The Square and the Tower. Niall Ferguson. I’m re-reading this excellent book on networks, hierarchies and the quest for power because it seems to speak to our current situation and puts them in context. We have been here before.

Things I’ve liked

The Transformative Power of Classical Music. TED talk by Ben Zander – and a good taster for his book.

Jurgen Klopp. Trust, Patience and Hard Work. A good piece from The Guardian on Klopp as a modern leader. Much to admire here.

Interrogating and shaping the World through Science. Longer read from “Edge” Magazine on a conversation with Ainissa Ramirez.

What I’ve learned

That better, more creative, more exploratory conversations are at the heart of the change many of us want to see. A more balaced economy that eschews consumption as a mantra and embraces the planet and all of us on it.

That given half an opportunity it’s possible to open up exciting, inspiring conversations about possibility.

That there is a clear arc to great conversations that starts with a hard look at what is really going on, through what we want to change, to how that might be done, through to conversations about doing it and finishing with what is actually happening. Long, soaring conversations that marry ambition to action built on working together.

That these conversations happen first in small groups – less than ten – that can develop the relationships and rhythm that power them. We can scale the number of conversations and learn from their variety to create relentless incremental change for the better.

That of all the things we can do right now, starting with these sort of conversations is the most powerful, with the most potential.

What I’m up to

I am very focused on enabling conversations, and learning how we can make them better.

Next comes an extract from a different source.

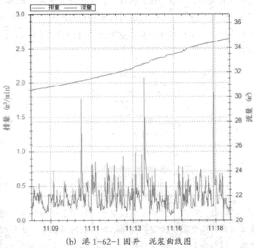 從圖2中可以看出,水泥漿排量曲線比較穩(wěn)定,紋波為0.05 m3/min,基本可以認(rèn)為是渦輪的偶發(fā)跳動(dòng)或者采集設(shè)備的紋波導(dǎo)致,水泥漿的累積流量基本形成一條直線上升。泥漿排量本應(yīng)該是0 m3/min,實(shí)際曲線上可以看出很不穩(wěn)定,從11: 03: 53之后,非常大能夠達(dá)到1.06 m3/min,一眼看過(guò)去就會(huì)感覺(jué)是雜亂無(wú)章的波形,泥漿的累積流量本應(yīng)該是一條水平線.結(jié)果變成了一條不規(guī)則的斜線。

I want to see if we can foster an outbreak of small, powerful conversations that change things at a local level in the sort of businesses we want to drive the recovery. Business to be proud of run by people who can inspire better.

So, right now I’m very keen to talk to people who want to do the same, and see what we can learn from each other. We’ve created a space to start at Originize. We’d love to talk to you if this is you.

Have a great week.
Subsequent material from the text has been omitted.